「まるで試合に負けたかのように、鹿島の選手に笑顔が見られなかったその訳は・・・」天皇杯 準決勝 鹿島アントラーズ

両チームのシュート数が14対6、ボール支配率が6割対4割と、データの数値上は横浜Fマリノスが圧倒した天皇杯の準決勝だったが、試合を見た人にとっては鹿島アントラーズの強さばかりが印象に残ったのではないだろうか。

試合の前半は完全に横浜のペース。

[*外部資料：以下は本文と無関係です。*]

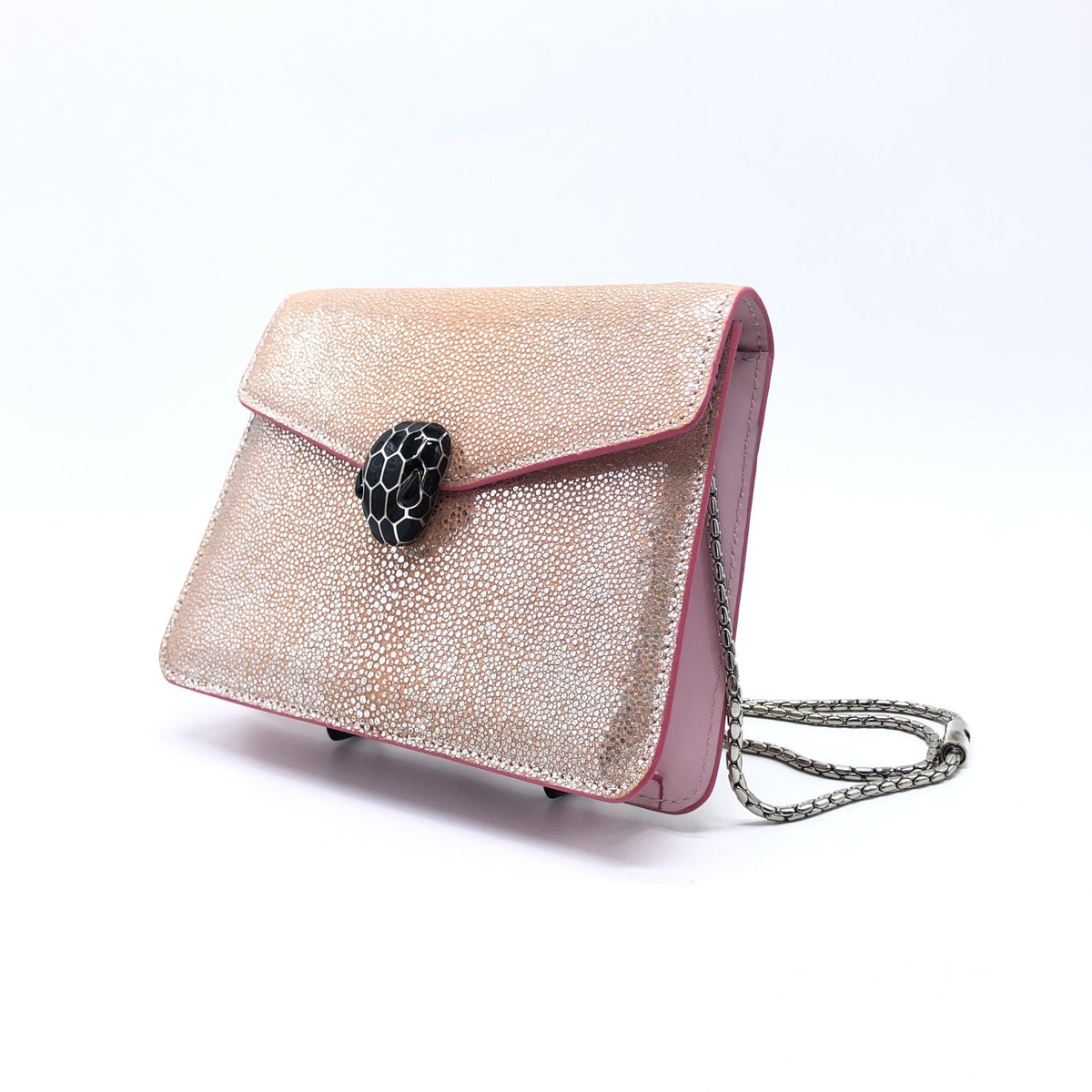 Introducing the exquisite Bulgari Serpenti Forever Top Handle Bag, a timeless piece that embodies elegance and sophistication. Crafted with meticulous attention to detail, this bag is a testament to Bulgari’s renowned craftsmanship and luxurious design.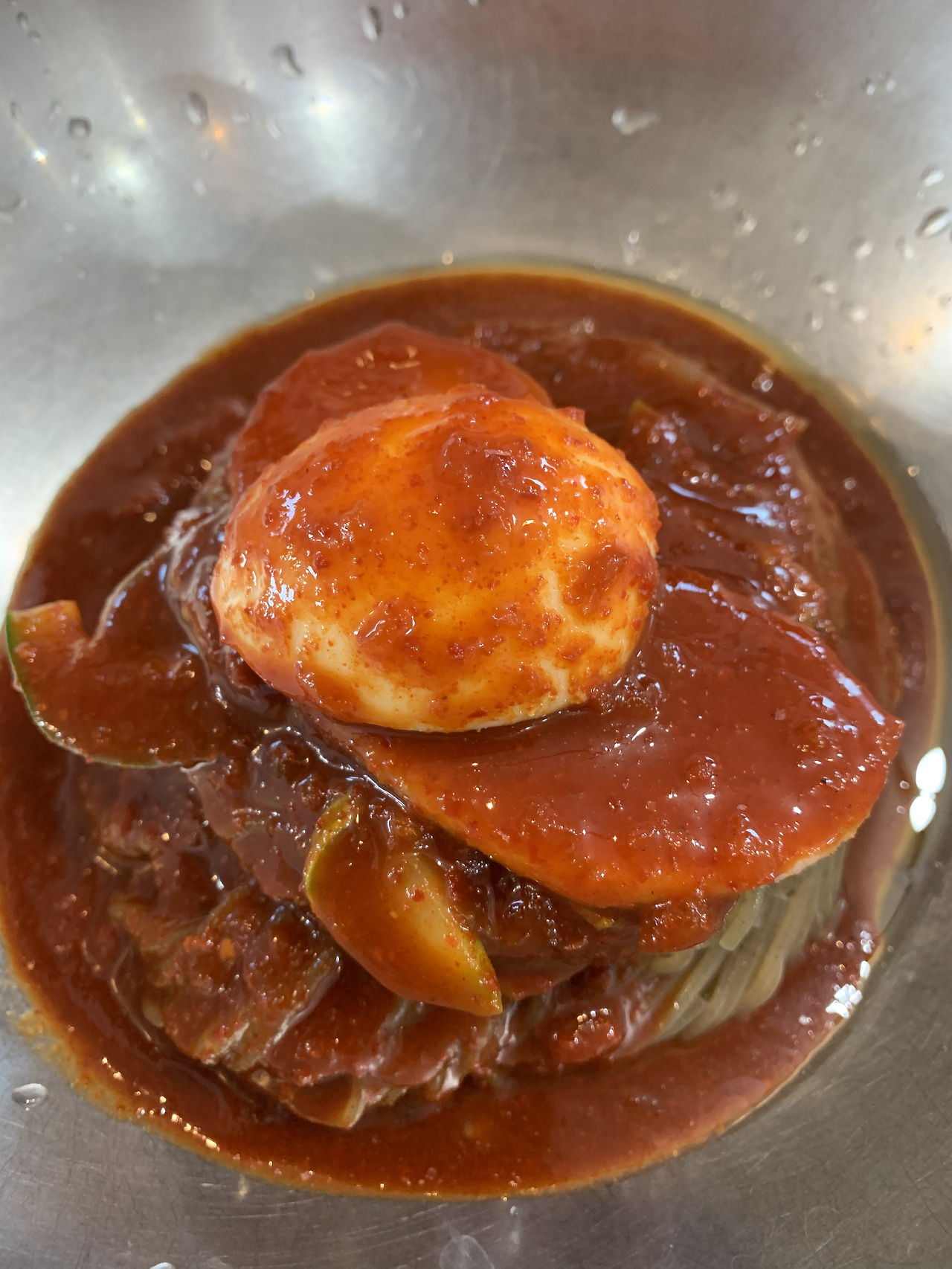 비빔냉면은 색깔은 빨갛지만 맵지 않습니다.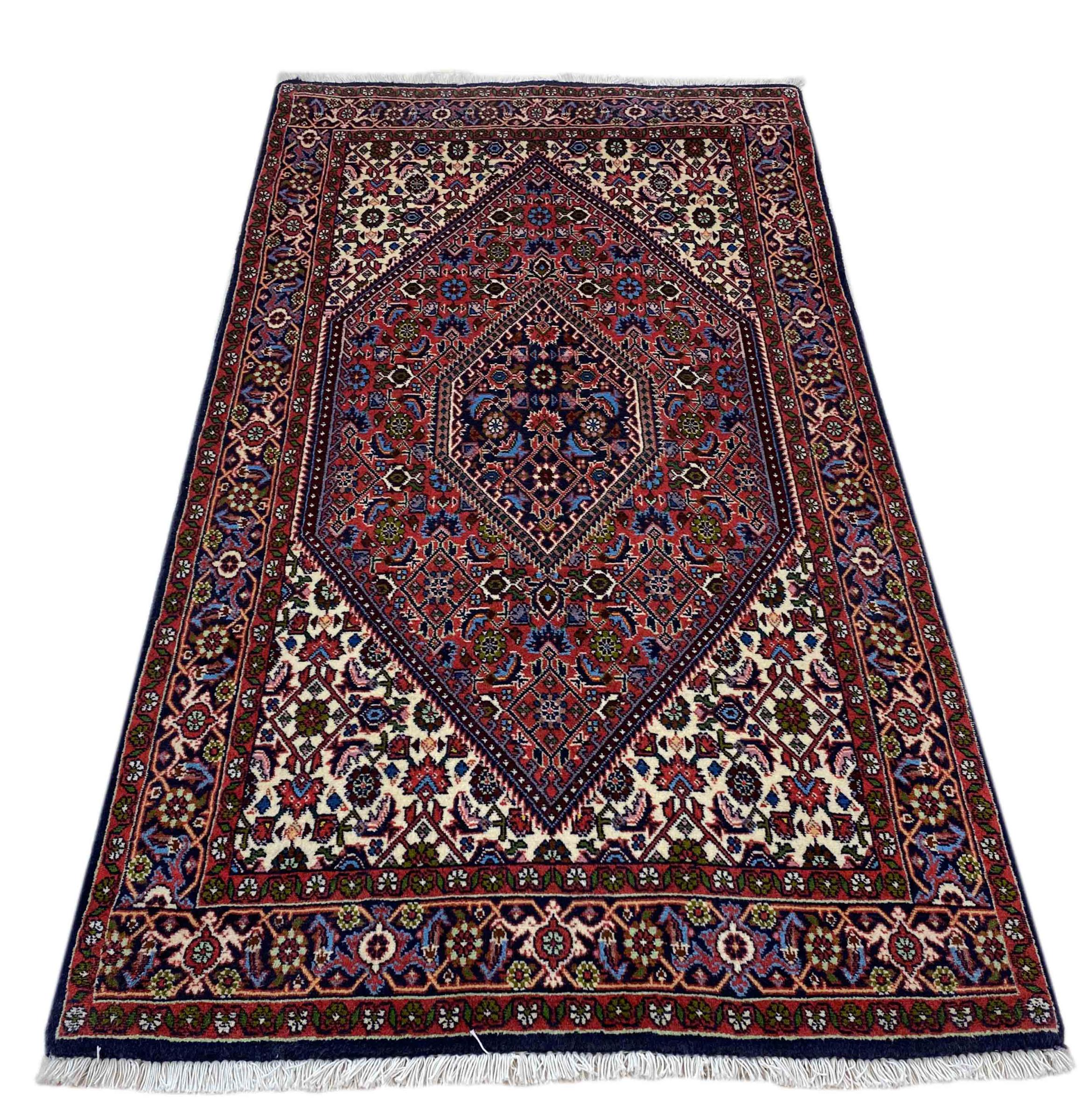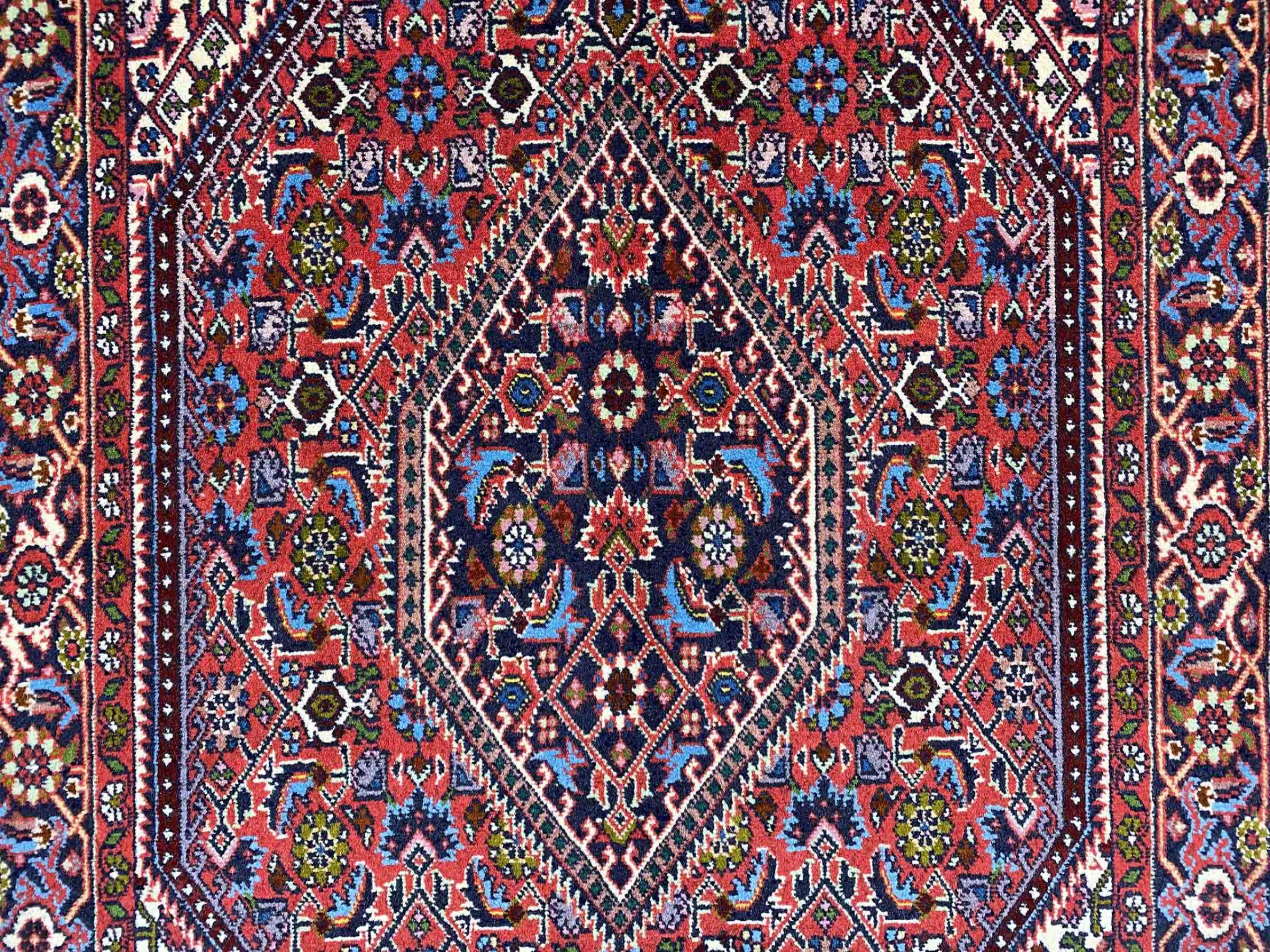Esta alfombra pertenece a alfombras de pueblos y nómadas de Irán, antiguamente Persia. Este tipo de alfombra se anuda a mano en ciudades y pueblos más pequeños según la antigua tradición. Incluso los nómadas siguen anudando alfombras persas al aire libre. Las alfombras están anudadas sin un patrón y completamente desde la cabeza. Se caracterizan por los ornamentos clásicos, que están dispuestos en patrones rectos y geométricos. Gracias a su origen cultural-tradicional, estas alfombras tienen un carácter único que encarna la antigua Persia.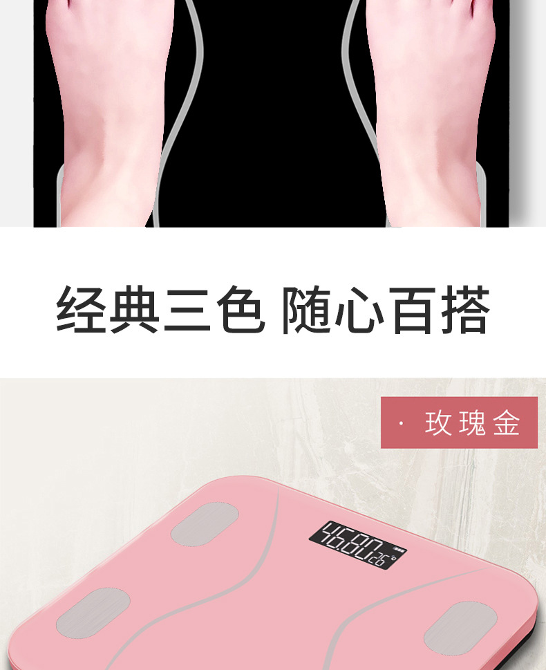 • 로즈 핑크 - 블루투스 체지방계 CS952 [OKOK-APP] -- 실크스크린 전극 패드 [중국어]
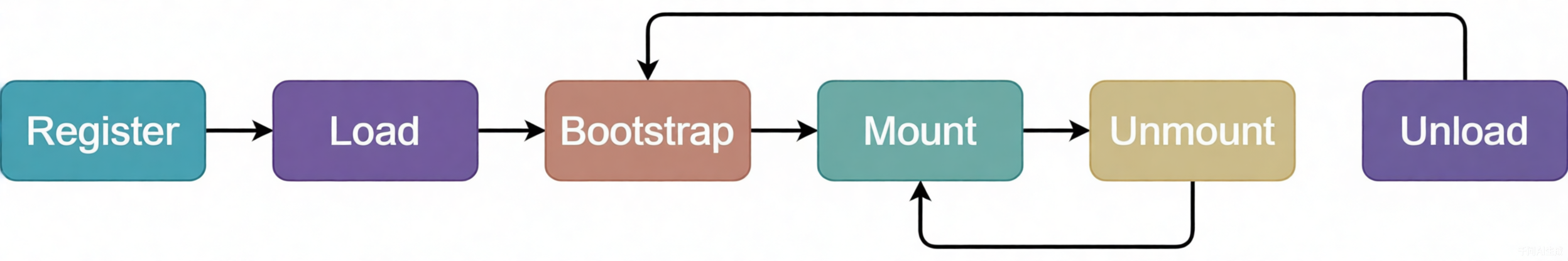 ► 每个微应用需要暴露三个生命周期函数:bootstrap、mount 和 unmount。当路由匹配时,Single-SPA 会加载对应的微应用,并依次调用其生命周期函数。

鹿島は伝統の4-4-2でゾーンをセットするのだが、SBの位置取りが不用意に高く、そのくせマークに行くのかゾーンを埋めるのか曖昧になっていて、横浜に裏のスペースを何度も使われてしまっていた。

横浜は鹿島の守備を研究していて、ウイングの齋藤学やマルティノスがトップ下の前田と連携してポジションを頻繁に変えてマークを外し、1トップの富樫がゾーンの間に降りて基点となり、何度もサイドから決定機を演出した。

しかし鹿島はフリーでシュートを打たれそうな場面でも必ず最後まで諦めずに体を投げ出していたため、齋藤や富樫がそれを気にしてシュートを吹かせたり、GK曽ヶ端がシュートのコースを読みやすくする効果が出ていた。

逆に、前半41分に柴崎のクロスを土居がヘディングで決めた鹿島の先制点では、中澤のポジショニングとGK榎本の予測の甘さが見られ、ここぞという場面での守備の集中力、経験で鹿島が横浜をはっきりと上回っていた。この辺は、クラブW杯で世界と戦った上での経験がものを言ったところだろう。

それは攻撃のディテールでも違いが見られ、横浜は攻め込んでいるんだけど、ドリブルからシュート、パスからクロスと最後の2プレイが狭く短く単調で、鹿島にとっては読みやすい攻撃になっていたのに対し、鹿島の2ゴールはボールを奪ってから躊躇なく走る柴崎に長いボールが渡り、そこからダイレクトで決めたもので、展開が大きく早い攻撃に横浜の守備が戻りきれてないうちに攻め切っていた。

何より印象的だったのは、試合が終わった後の鹿島の選手に、まるで負けてしまったかのごとく笑顔が見られなかった点である。再びクラブW杯でレアルにリベンジを果たすまでは、こんなところで躓いているわけにはいかない、天皇杯でさえ単なる通過点に見なしてしまう彼らの意識の高さや自信が、横浜Fマリノスとの目に見えない大きな差だったのかもしれない。